(Interactive – for a tutorial on running Octave in batch mode click here)
Getting started with Octave in Galileo
Let’s have a look at our files
The downloaded file consists of a .ipynb file and a .csv file. The octave_example notebook conducts a simple linear regression using the supplied mtcars.csv dataset and makes a simple plot. It also demonstrates how to use a dataset loaded from an online source.
Next, the notebook conducts a Monte Carlo experiment that simulates 50,000 throws of two six-sided dice to calculate the probability that the sum of one throw of two dice is greater than or equal to seven. It then repeats the same experiment 10 million times. Finally it compares the means of the two samples and the amount of time it took to calculate them.

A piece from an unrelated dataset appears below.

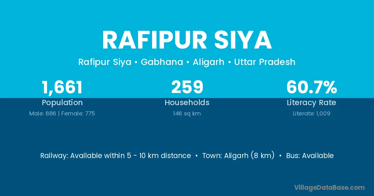 Aligarh (8 km) is the nearest town to Rafipur Siya village for major economic activities and is located approximately 8 km away.
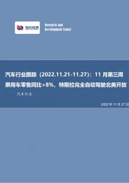 [智能驾驶]2022-11-27-信达证券-汽车行业跟踪:乘用车零售同比+8%,特斯拉完全自动驾驶北美开放-21页(银创产业通www.chanyetong.net)

Understanding the user interface
When you log into Galileo, the first thing you’ll see is your Dashboard:
To run the Octave notebook, start by navigating to the Missions tab using the side menu. On the Missions tab, click the Create a custom mission button.

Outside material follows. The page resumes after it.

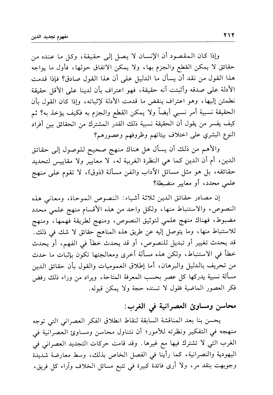 إن مصادر حقائق الدين ثلاثة أشياء: النصوص الموحاة، ومعاني هذه النصوص، والاستنباط منها، ولكل واحد من هذه الأقسام منهج علمي محدد مضبوط، فهناك منهج علمي لتوثيق النصوص، ومنهج لطريقة فهمها، ومنهج للاستنباط منها، وما يتوصل إليه عن طريق هذه المناهج حقائق لا شك في ذلك. قد يحدث تغيير أو تبديل للنصوص، أو قد يحدث خطأ في الفهم، أو يحدث خطأ في الاستنباط، ولكن هذه مسألة أخرى ومعالجتها تكون بإثبات ما حدث من تحريف بالدليل والبرهان، أما إطلاق العموميات والقول بأن حقائق الدين مسألة نسبية يدركها كل عصر بحسب المعرفة المتاحة، ويراد من وراء ذلك رفض فكر العصور الماضية فقول لا تسنده حجة ولا يمكن قبوله.
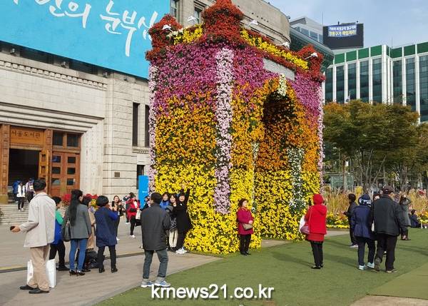 서울광장 곳곳에는 국화로 장식된 정자 등을 마련해 시민들이 편안하게 국화향기를 맡으면 쉴 수 있는 공간도 마련했다.

Configure the mission by selecting the mission type. Choose Octave and then select the version. This tutorial will use Interactive (Jupyter).
Next, give the mission a name and assign it to a default station to use. This tutorial will use the Linux station. Click Next.
Set the default amount of computational resources for the mission. Choose the CPU resources, GPU resources, and memory resources. Click Next.
Create the mission environment by choosing a password to access the Jupyter session. You can install any dependencies either by selecting them from the drop-down menu of popular repositories or by entering the packages’ names manually. Click Next.
Finally, select the Cargo Bay you will use for this Mission. You can choose from the default Hypernet storage or an external storage provider. Galileo works seamlessly with cloud storage platforms such as Dropbox and Storj. Find out more about using these platforms here. Click Submit.
The Mission has now been created!
Running a job and collecting results
You will now see the new Mission reflected in the Mission tab. Click Update Mission to add and edit the Mission’s files.
Upload the .ipynb and .csv example files by clicking the Upload File button. You will see the files in the Mission interface.
It is possible to edit text files directly in the Mission tab by using the Mission text editor. Find out more about the editor by clicking here to visit the Galileo forum.
Now we are ready to run a job using the Mission. Click the Run button in the upper right corner of the Mission tab. You will see a “Mission run successfully!” message. At the bottom of the Mission tab, you can track the progress of the job.
Once the job’s status is “Job In Progress”, you are ready to open Jupyter. Click Job In Progress and then click the tunnel URL.
Enter the Mission password you set previously. Click Log in.
You are now using Jupyter in Galileo and you have immediate access to the files you uploaded as part of the Mission.
Once you have finished working in Jupyter, navigate back to the Mission tab and open the three-dot menu in the Jobs progress panel. Stop the job by clicking Stop Job.
The job will shut down and collect the results. Once the job progress reads “Completed”, you can download any files generated by the Juypter job by opening the three-dot menu again and clicking Download.